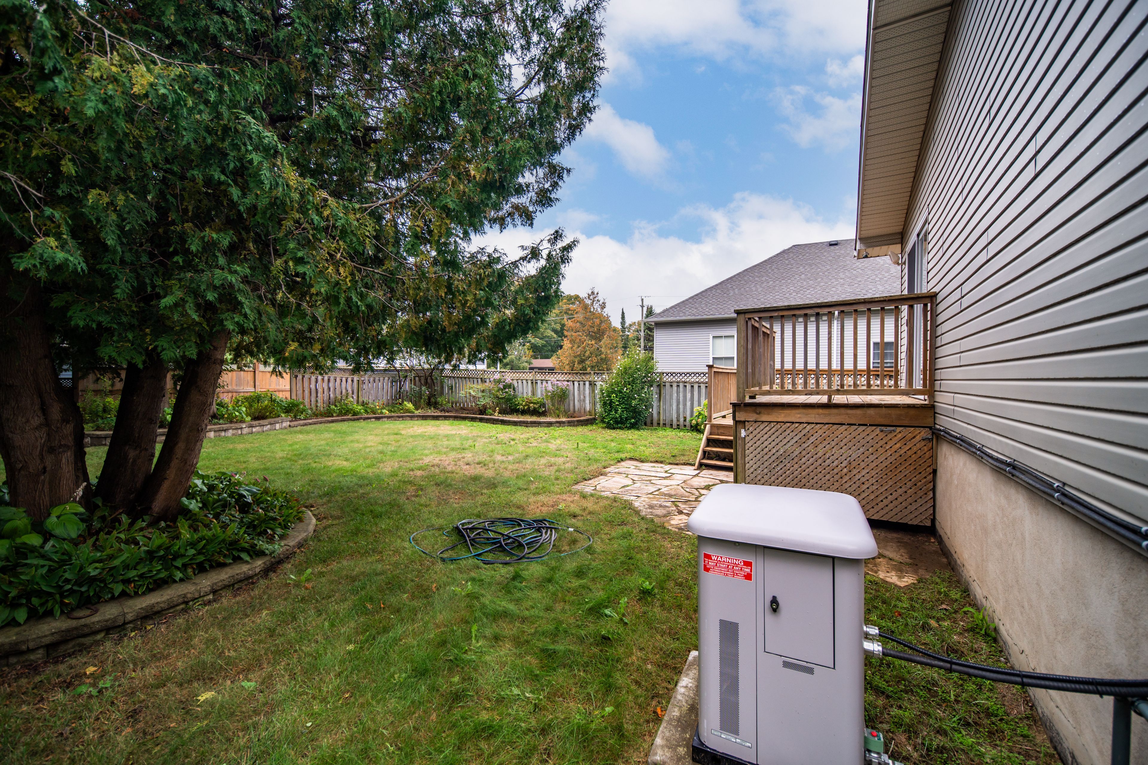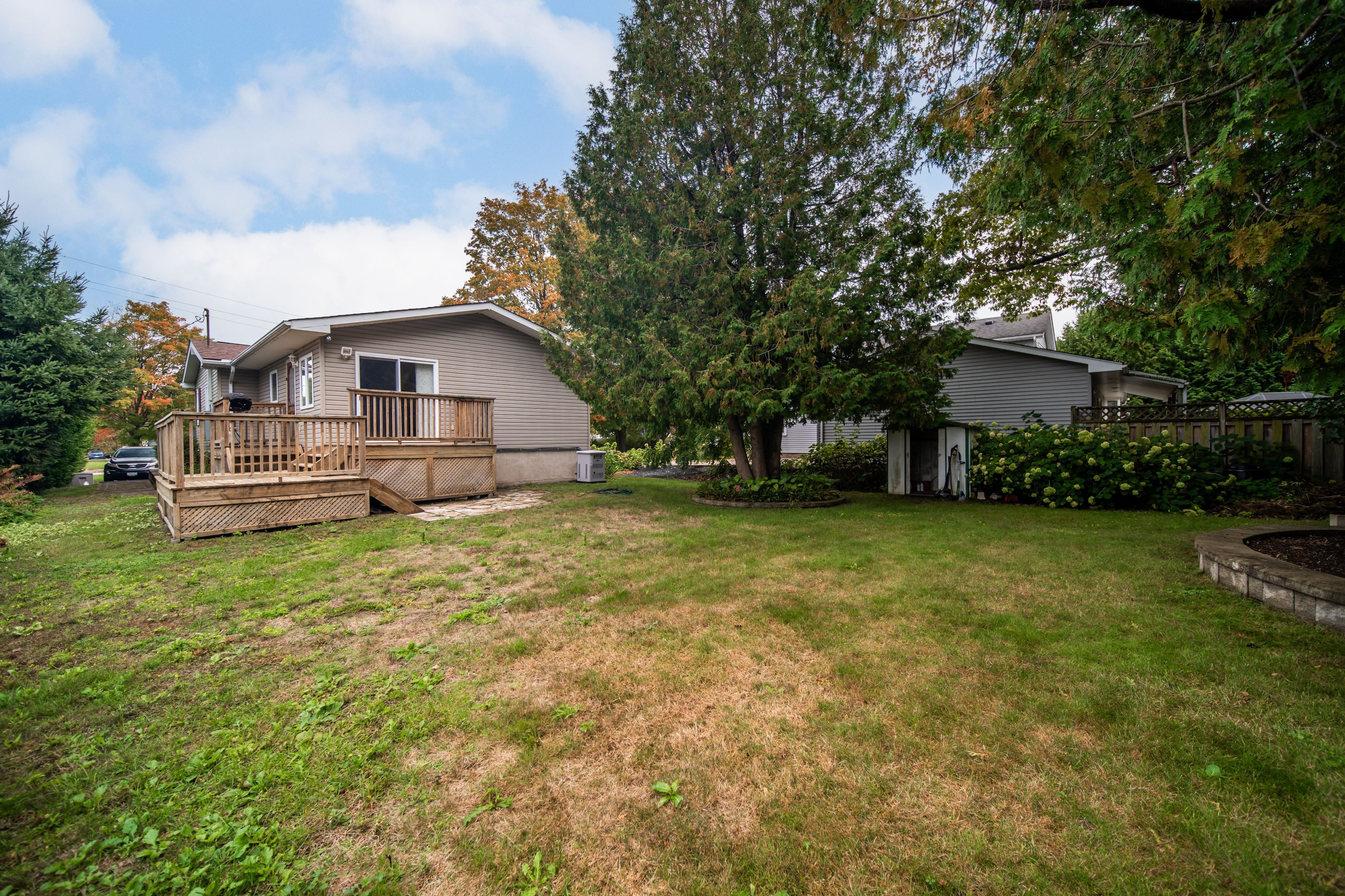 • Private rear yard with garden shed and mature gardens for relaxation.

---

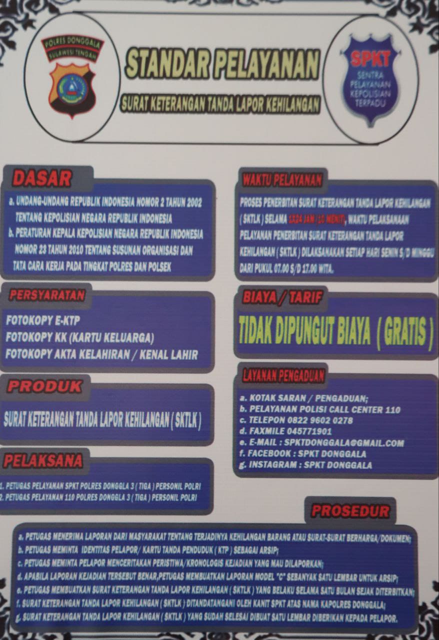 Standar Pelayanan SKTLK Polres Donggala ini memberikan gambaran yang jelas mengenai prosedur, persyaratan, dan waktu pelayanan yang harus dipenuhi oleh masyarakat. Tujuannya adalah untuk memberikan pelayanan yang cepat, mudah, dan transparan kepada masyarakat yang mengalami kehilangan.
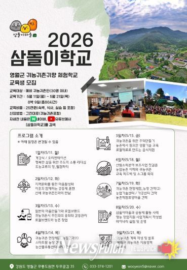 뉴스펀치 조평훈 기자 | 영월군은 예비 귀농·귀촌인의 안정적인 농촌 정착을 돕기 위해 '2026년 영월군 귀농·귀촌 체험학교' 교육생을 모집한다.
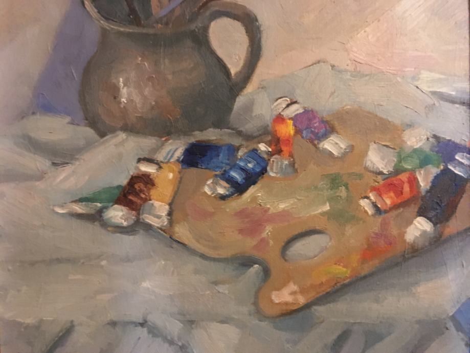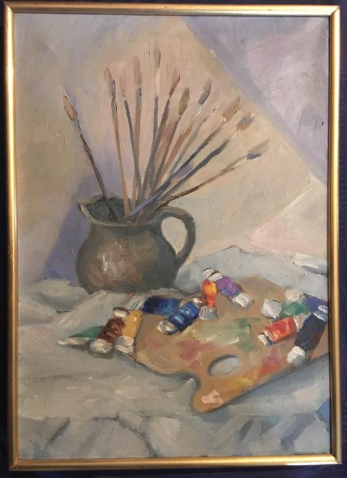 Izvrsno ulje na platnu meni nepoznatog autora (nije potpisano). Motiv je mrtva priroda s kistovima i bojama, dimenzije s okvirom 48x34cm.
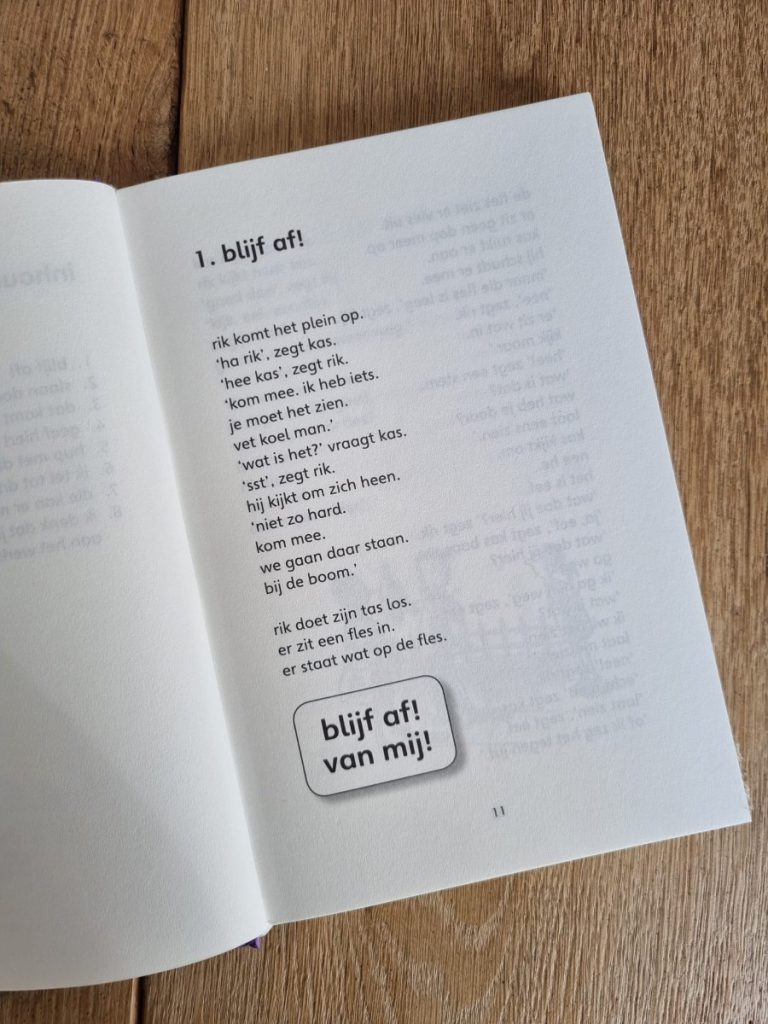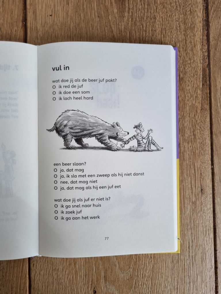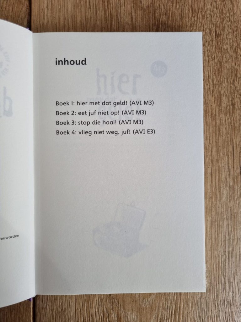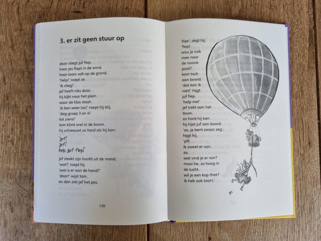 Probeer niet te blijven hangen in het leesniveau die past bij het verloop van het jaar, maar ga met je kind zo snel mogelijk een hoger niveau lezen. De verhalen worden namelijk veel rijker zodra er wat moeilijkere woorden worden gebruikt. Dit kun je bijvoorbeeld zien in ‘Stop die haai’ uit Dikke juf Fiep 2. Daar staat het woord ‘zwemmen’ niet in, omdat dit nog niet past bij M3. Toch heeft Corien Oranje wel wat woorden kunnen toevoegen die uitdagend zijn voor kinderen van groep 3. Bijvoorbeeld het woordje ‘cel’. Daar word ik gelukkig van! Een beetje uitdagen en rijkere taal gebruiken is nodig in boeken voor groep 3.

Description of the task:
All lines above starting at the one with "뉴스펀치 조평훈 기자" and ending at the one with "Probeer niet te", inclusive, are to be printed again exactly, with the pictures left out.

Answer to the exercise:
 뉴스펀치 조평훈 기자 | 영월군은 예비 귀농·귀촌인의 안정적인 농촌 정착을 돕기 위해 '2026년 영월군 귀농·귀촌 체험학교' 교육생을 모집한다.
 Izvrsno ulje na platnu meni nepoznatog autora (nije potpisano). Motiv je mrtva priroda s kistovima i bojama, dimenzije s okvirom 48x34cm.
 Probeer niet te blijven hangen in het leesniveau die past bij het verloop van het jaar, maar ga met je kind zo snel mogelijk een hoger niveau lezen. De verhalen worden namelijk veel rijker zodra er wat moeilijkere woorden worden gebruikt. Dit kun je bijvoorbeeld zien in ‘Stop die haai’ uit Dikke juf Fiep 2. Daar staat het woord ‘zwemmen’ niet in, omdat dit nog niet past bij M3. Toch heeft Corien Oranje wel wat woorden kunnen toevoegen die uitdagend zijn voor kinderen van groep 3. Bijvoorbeeld het woordje ‘cel’. Daar word ik gelukkig van! Een beetje uitdagen en rijkere taal gebruiken is nodig in boeken voor groep 3.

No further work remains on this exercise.